*What the task requires*
For the records that follow, please set down exactly the lines between the one holding "그 결과, 수원고등법원" and the one holding "尚贤堂和明是楼前各有清代砖雕", inclusive, and only those.

*Records shown*
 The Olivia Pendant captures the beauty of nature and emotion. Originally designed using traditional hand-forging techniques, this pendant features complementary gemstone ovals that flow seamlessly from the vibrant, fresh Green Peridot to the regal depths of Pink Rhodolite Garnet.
...
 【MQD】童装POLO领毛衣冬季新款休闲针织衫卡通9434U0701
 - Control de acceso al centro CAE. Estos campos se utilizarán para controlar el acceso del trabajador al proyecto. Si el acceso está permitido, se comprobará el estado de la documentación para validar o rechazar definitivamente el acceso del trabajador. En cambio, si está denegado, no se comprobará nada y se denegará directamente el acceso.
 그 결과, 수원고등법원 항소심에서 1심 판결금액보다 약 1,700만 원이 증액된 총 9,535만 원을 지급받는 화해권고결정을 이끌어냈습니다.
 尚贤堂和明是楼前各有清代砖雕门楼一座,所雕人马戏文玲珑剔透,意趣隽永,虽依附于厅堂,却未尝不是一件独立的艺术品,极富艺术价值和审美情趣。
==
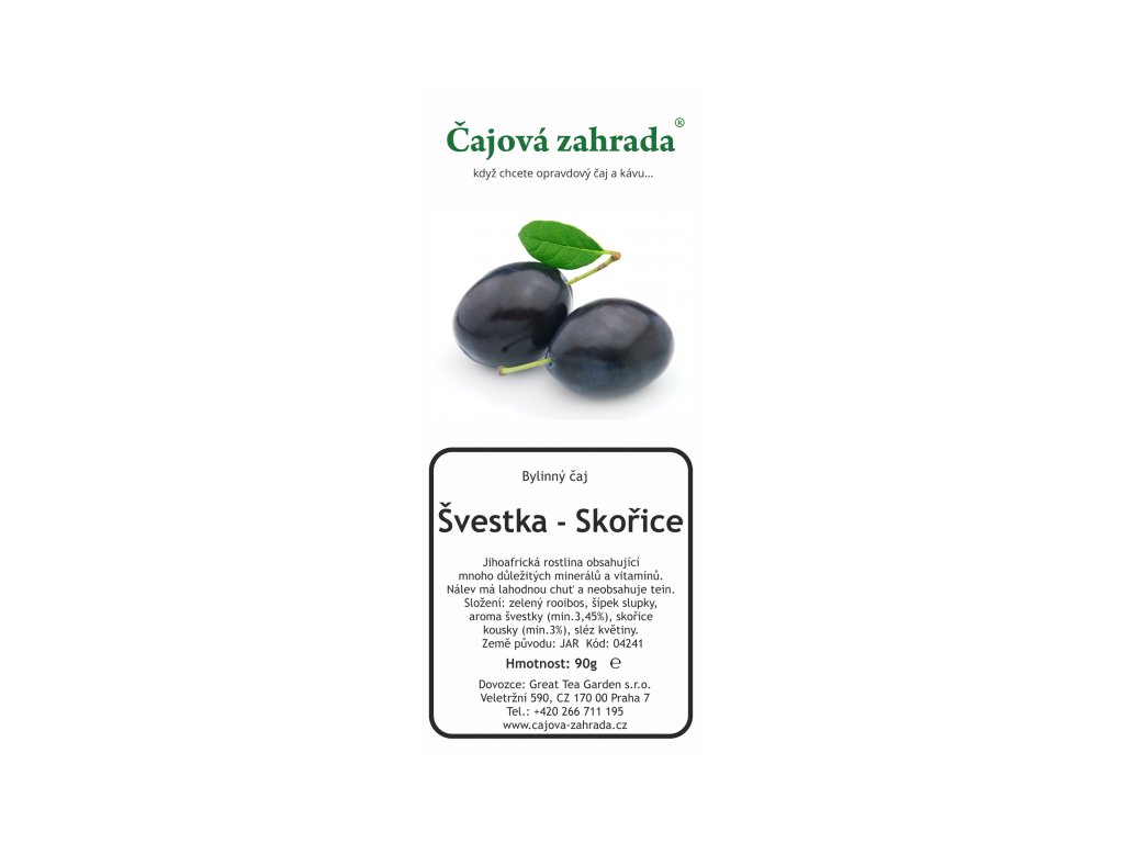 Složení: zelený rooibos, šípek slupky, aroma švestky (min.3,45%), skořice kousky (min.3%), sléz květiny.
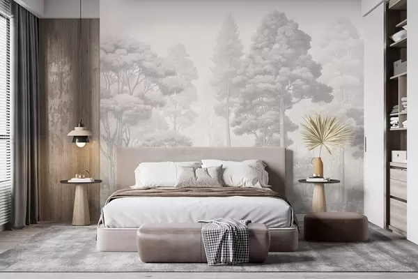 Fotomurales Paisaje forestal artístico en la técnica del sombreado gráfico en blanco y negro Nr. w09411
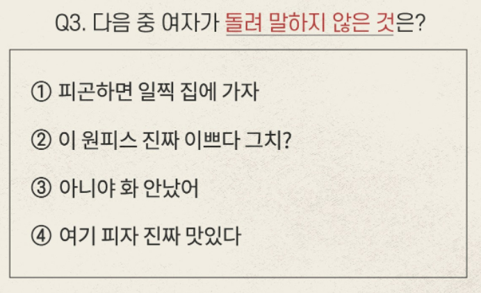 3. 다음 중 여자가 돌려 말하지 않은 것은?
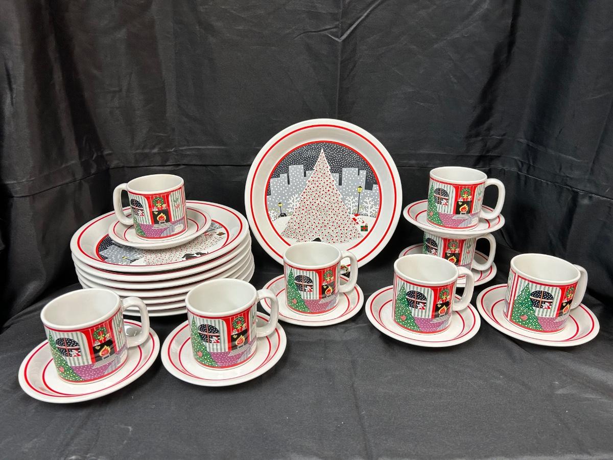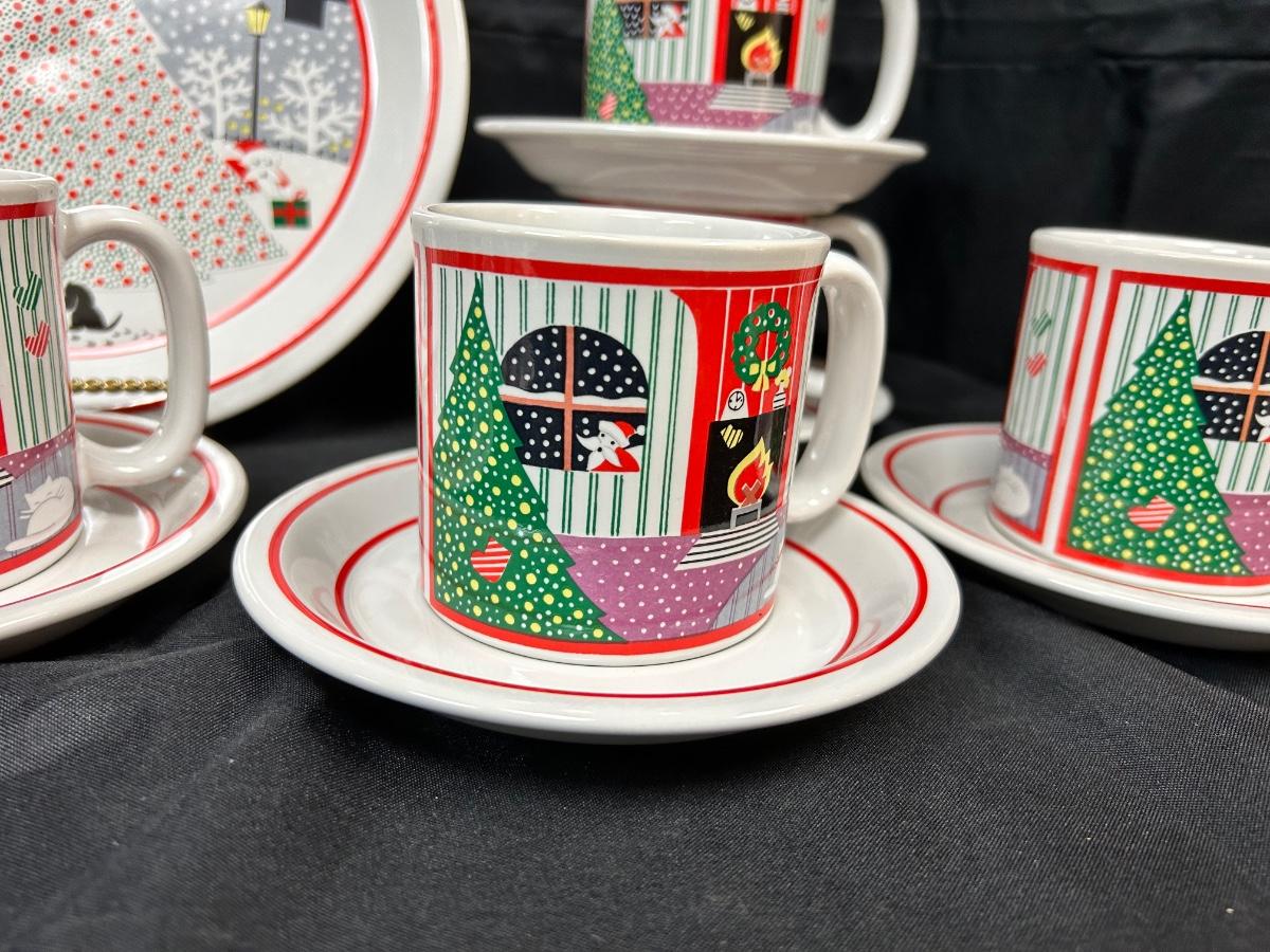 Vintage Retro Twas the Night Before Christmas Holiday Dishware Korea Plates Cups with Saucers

*Solution for this problem*
 그 결과, 수원고등법원 항소심에서 1심 판결금액보다 약 1,700만 원이 증액된 총 9,535만 원을 지급받는 화해권고결정을 이끌어냈습니다.
 尚贤堂和明是楼前各有清代砖雕门楼一座,所雕人马戏文玲珑剔透,意趣隽永,虽依附于厅堂,却未尝不是一件独立的艺术品,极富艺术价值和审美情趣。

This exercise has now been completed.